*** Opening of Listed records ***

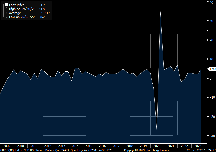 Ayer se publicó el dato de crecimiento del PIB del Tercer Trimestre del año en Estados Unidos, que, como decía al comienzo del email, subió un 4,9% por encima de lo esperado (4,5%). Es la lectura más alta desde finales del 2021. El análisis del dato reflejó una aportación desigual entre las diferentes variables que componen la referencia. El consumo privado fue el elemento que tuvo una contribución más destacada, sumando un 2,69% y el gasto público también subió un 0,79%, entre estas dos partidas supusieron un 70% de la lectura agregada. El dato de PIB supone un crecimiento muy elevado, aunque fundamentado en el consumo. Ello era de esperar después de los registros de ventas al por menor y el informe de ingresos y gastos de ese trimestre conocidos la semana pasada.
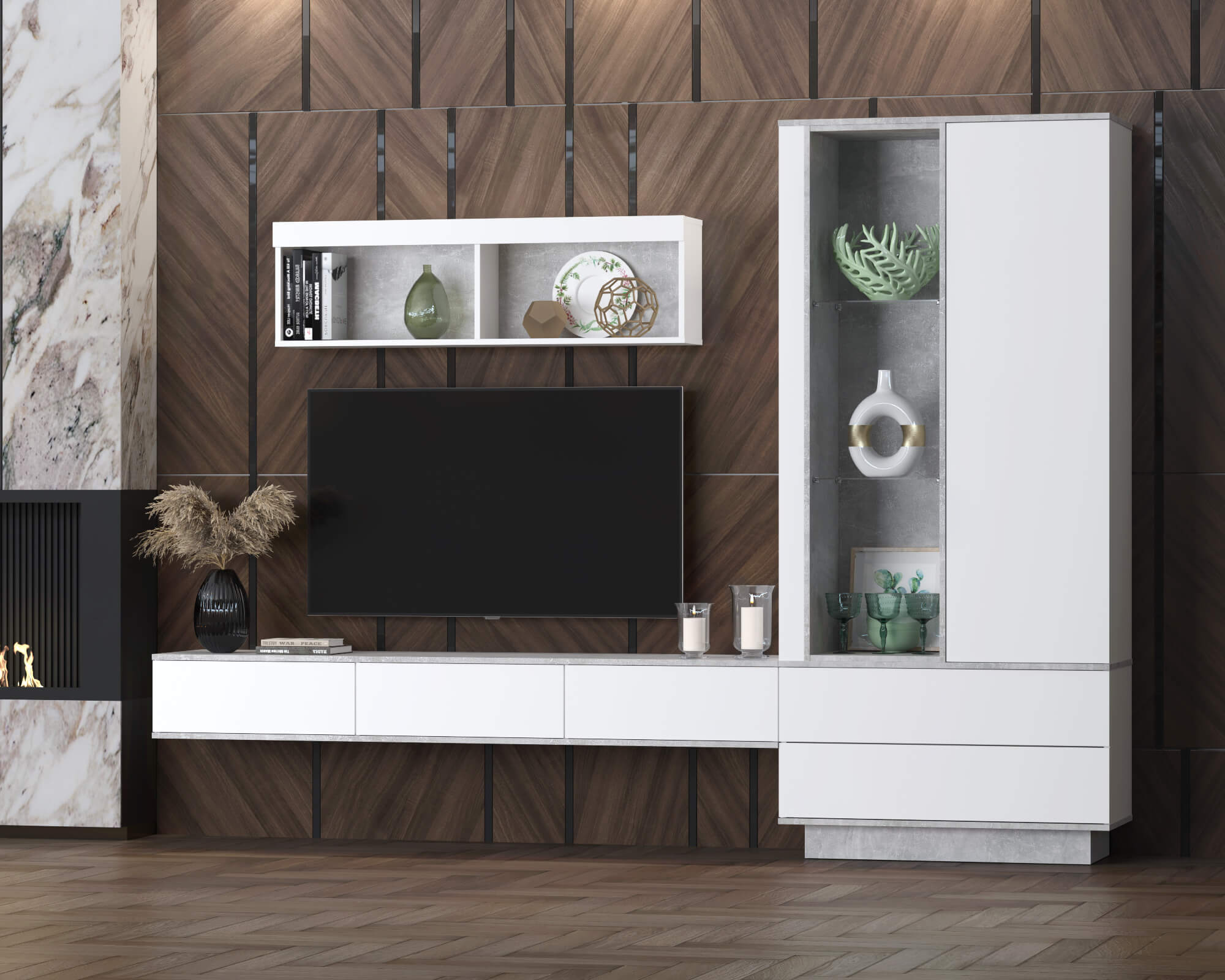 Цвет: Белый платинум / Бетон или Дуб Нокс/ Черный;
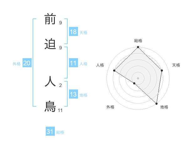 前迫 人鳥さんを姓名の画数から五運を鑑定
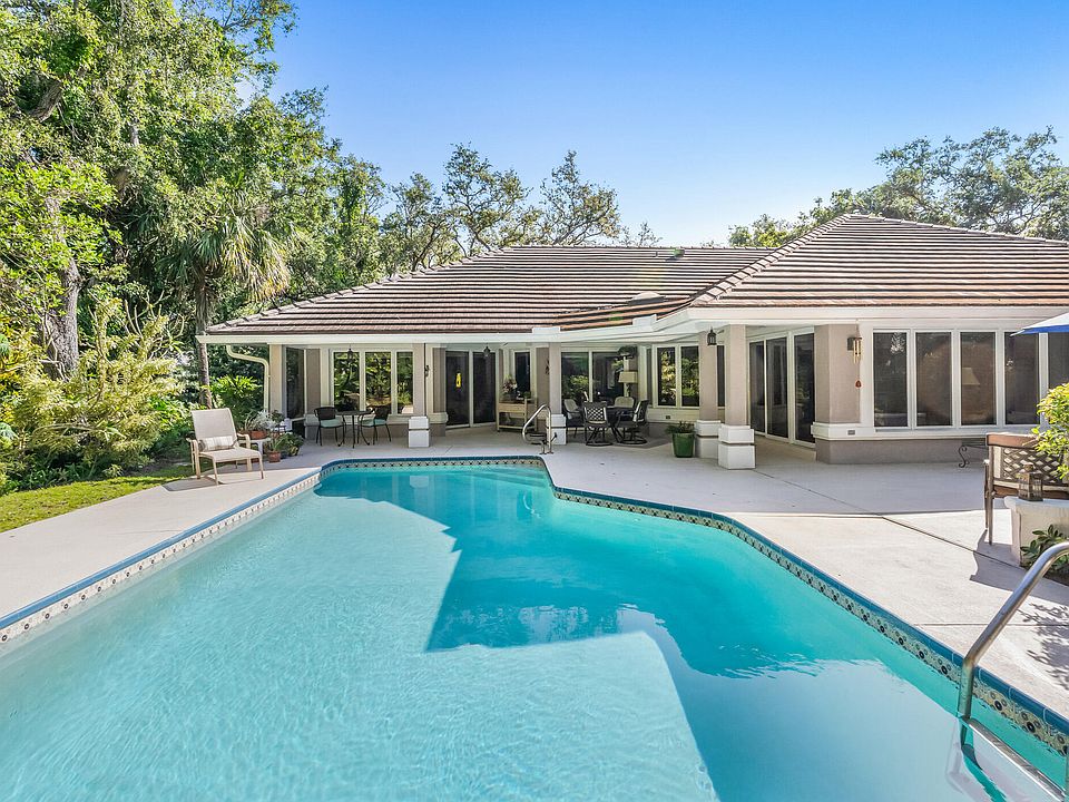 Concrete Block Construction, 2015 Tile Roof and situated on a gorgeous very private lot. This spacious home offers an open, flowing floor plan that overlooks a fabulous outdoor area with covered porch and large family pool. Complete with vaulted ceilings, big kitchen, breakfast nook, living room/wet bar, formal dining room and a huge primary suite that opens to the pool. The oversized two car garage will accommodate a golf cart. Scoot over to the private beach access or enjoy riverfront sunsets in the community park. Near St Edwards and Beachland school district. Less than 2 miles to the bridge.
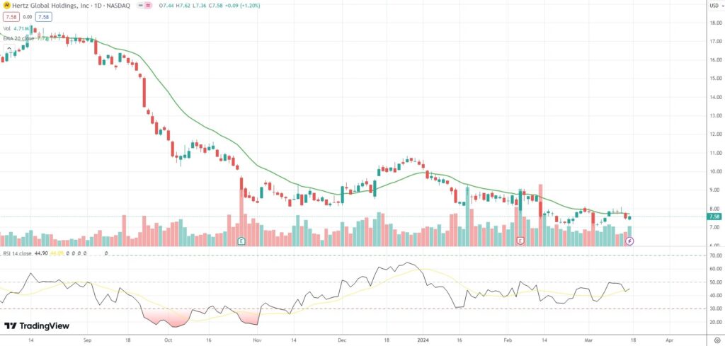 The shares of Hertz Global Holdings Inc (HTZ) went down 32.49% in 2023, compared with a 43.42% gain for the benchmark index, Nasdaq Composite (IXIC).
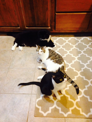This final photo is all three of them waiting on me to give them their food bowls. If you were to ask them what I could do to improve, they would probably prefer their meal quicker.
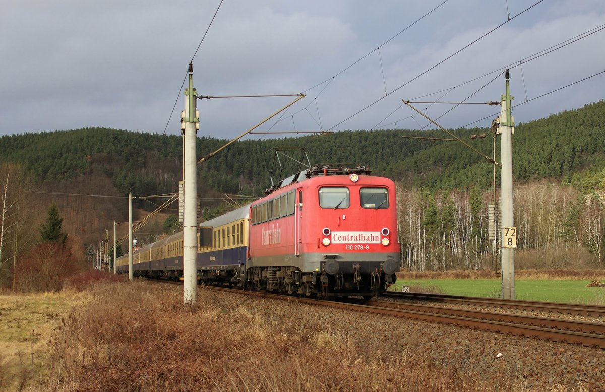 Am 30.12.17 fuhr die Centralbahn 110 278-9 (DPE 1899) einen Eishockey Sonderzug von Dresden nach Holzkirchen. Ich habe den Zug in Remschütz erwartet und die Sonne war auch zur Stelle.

*** Close of Listed records ***

■ Task goal
Return the entries verbatim, pictures excluded.

■ Solved exercise
 Ayer se publicó el dato de crecimiento del PIB del Tercer Trimestre del año en Estados Unidos, que, como decía al comienzo del email, subió un 4,9% por encima de lo esperado (4,5%). Es la lectura más alta desde finales del 2021. El análisis del dato reflejó una aportación desigual entre las diferentes variables que componen la referencia. El consumo privado fue el elemento que tuvo una contribución más destacada, sumando un 2,69% y el gasto público también subió un 0,79%, entre estas dos partidas supusieron un 70% de la lectura agregada. El dato de PIB supone un crecimiento muy elevado, aunque fundamentado en el consumo. Ello era de esperar después de los registros de ventas al por menor y el informe de ingresos y gastos de ese trimestre conocidos la semana pasada.
 Цвет: Белый платинум / Бетон или Дуб Нокс/ Черный;
 前迫 人鳥さんを姓名の画数から五運を鑑定
 Concrete Block Construction, 2015 Tile Roof and situated on a gorgeous very private lot. This spacious home offers an open, flowing floor plan that overlooks a fabulous outdoor area with covered porch and large family pool. Complete with vaulted ceilings, big kitchen, breakfast nook, living room/wet bar, formal dining room and a huge primary suite that opens to the pool. The oversized two car garage will accommodate a golf cart. Scoot over to the private beach access or enjoy riverfront sunsets in the community park. Near St Edwards and Beachland school district. Less than 2 miles to the bridge.
 The shares of Hertz Global Holdings Inc (HTZ) went down 32.49% in 2023, compared with a 43.42% gain for the benchmark index, Nasdaq Composite (IXIC).
This final photo is all three of them waiting on me to give them their food bowls. If you were to ask them what I could do to improve, they would probably prefer their meal quicker.
 Am 30.12.17 fuhr die Centralbahn 110 278-9 (DPE 1899) einen Eishockey Sonderzug von Dresden nach Holzkirchen. Ich habe den Zug in Remschütz erwartet und die Sonne war auch zur Stelle.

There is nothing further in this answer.